- [Material provided]
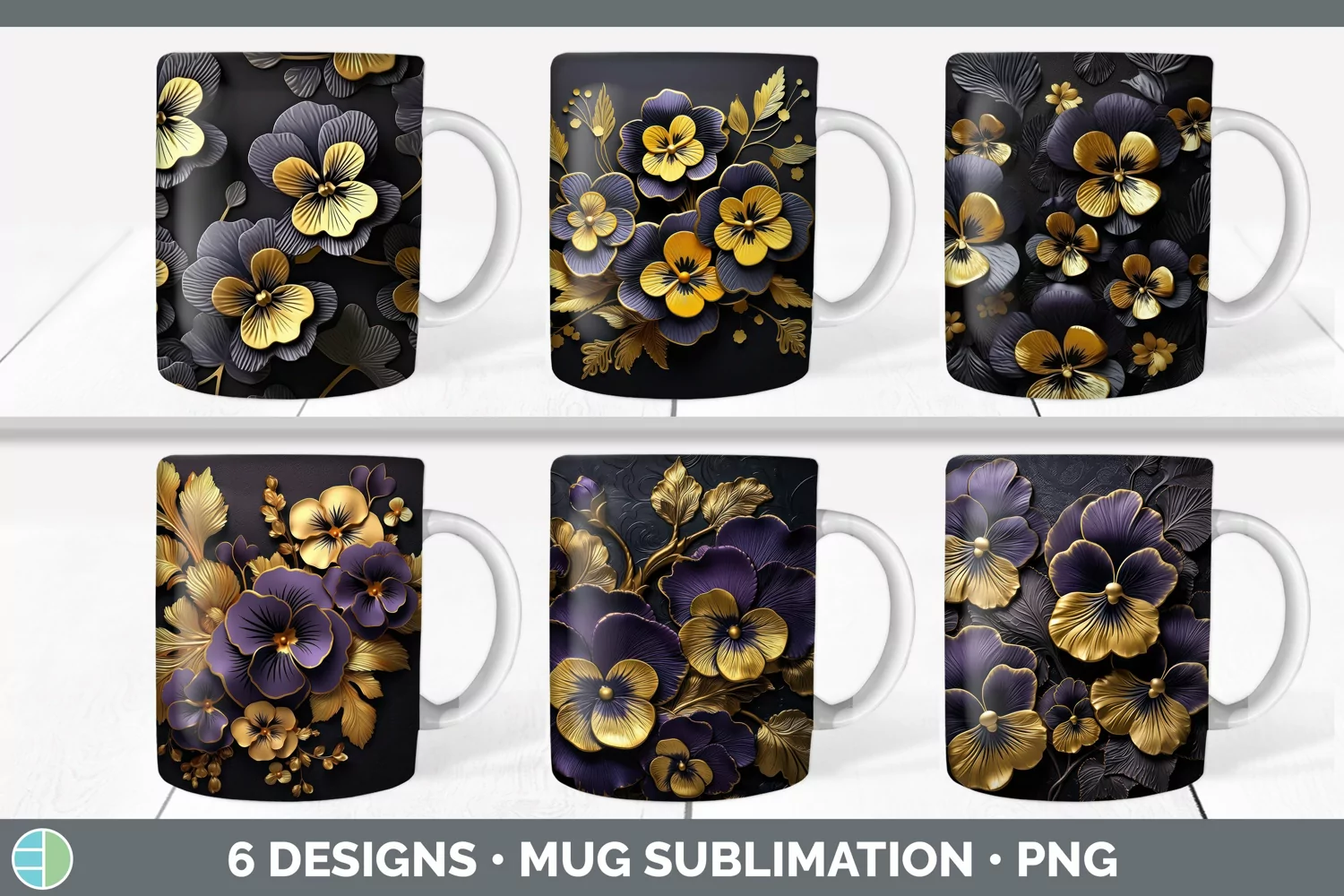Bundle of six Black and Gold Pansies Mug Wrap designs.
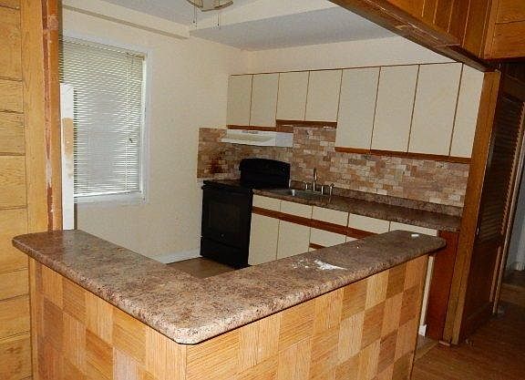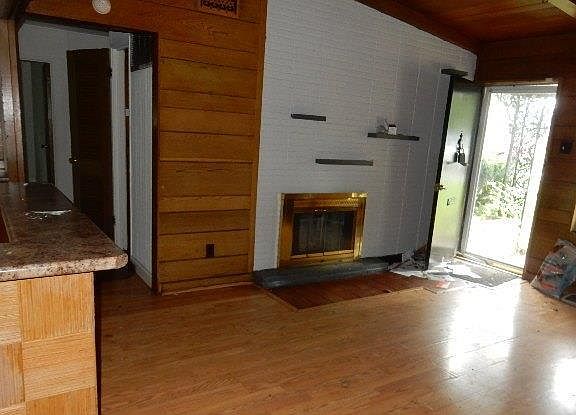 3 bdrm home with fireplace. The living room is kind of rustic with the vaulted wood ceilings and wall. There is a dining nook or you can set up a breakfast bar with stools overlooking the kitchen. There is a tile back splash and ceramic tile floor. Easy access to the rear patio or sit on your covered front porch.
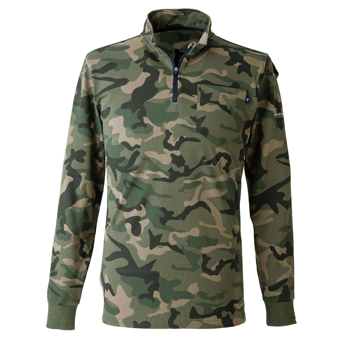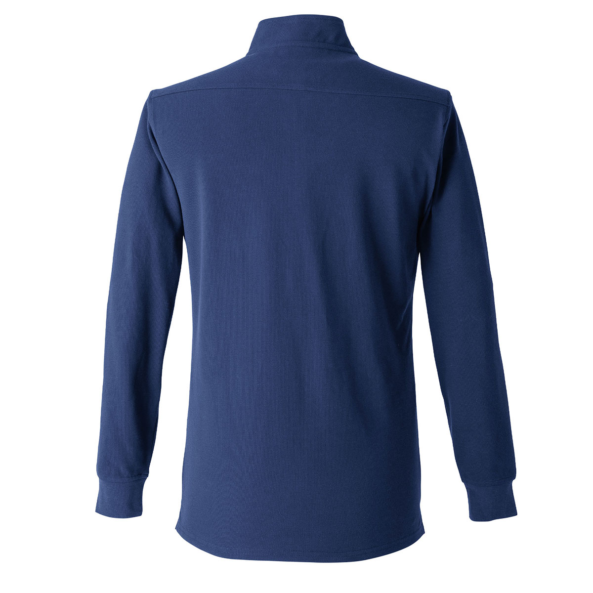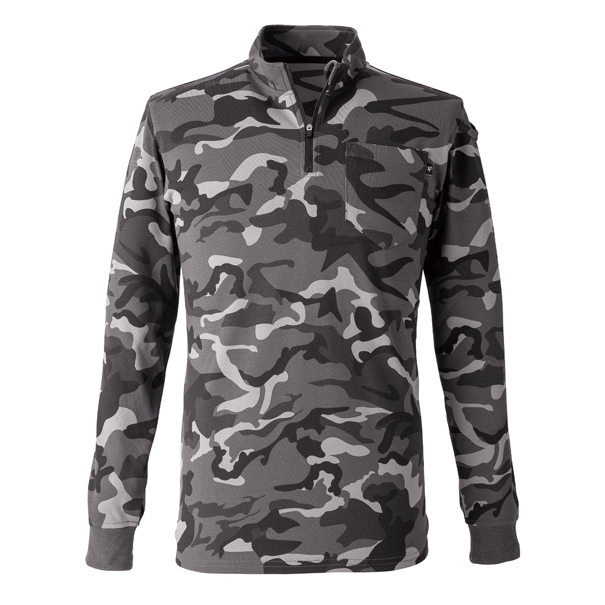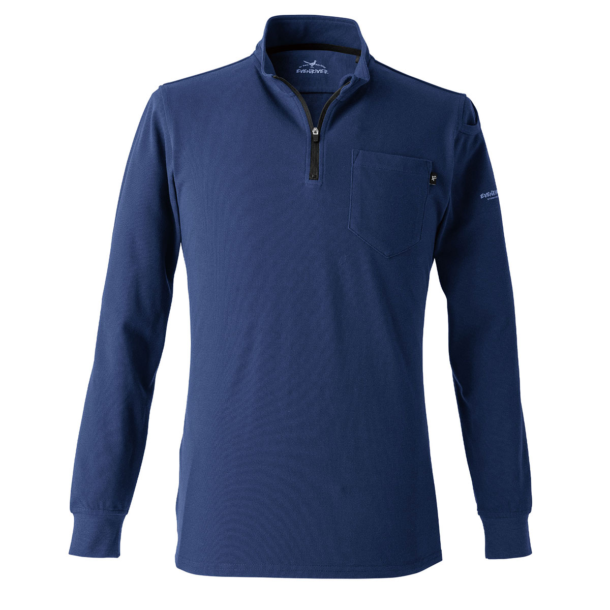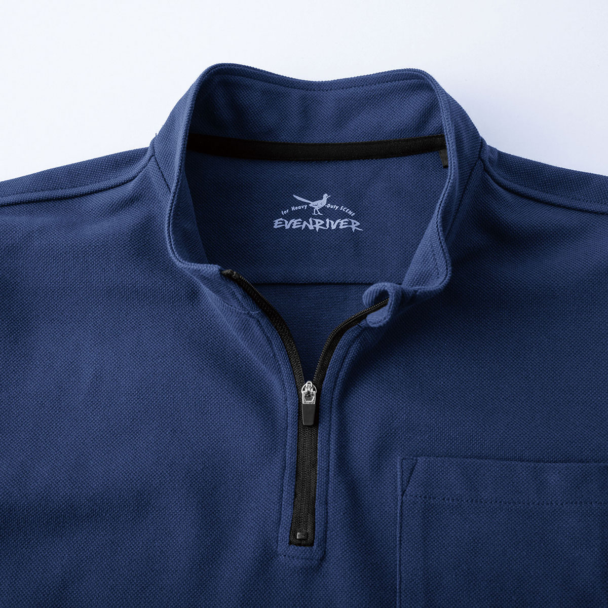 綿混素材特有の汗をよく吸い、やわらかな肌触りとしっかりとした丈夫な素材感が人気。 ジップネック長袖シャツタイプ。- ●左胸ポケット

- [Action item] Please copy the lines above exactly as written, apart from any pictures.

- [Expected answer]
Bundle of six Black and Gold Pansies Mug Wrap designs.
 3 bdrm home with fireplace. The living room is kind of rustic with the vaulted wood ceilings and wall. There is a dining nook or you can set up a breakfast bar with stools overlooking the kitchen. There is a tile back splash and ceramic tile floor. Easy access to the rear patio or sit on your covered front porch.
 綿混素材特有の汗をよく吸い、やわらかな肌触りとしっかりとした丈夫な素材感が人気。 ジップネック長袖シャツタイプ。- ●左胸ポケット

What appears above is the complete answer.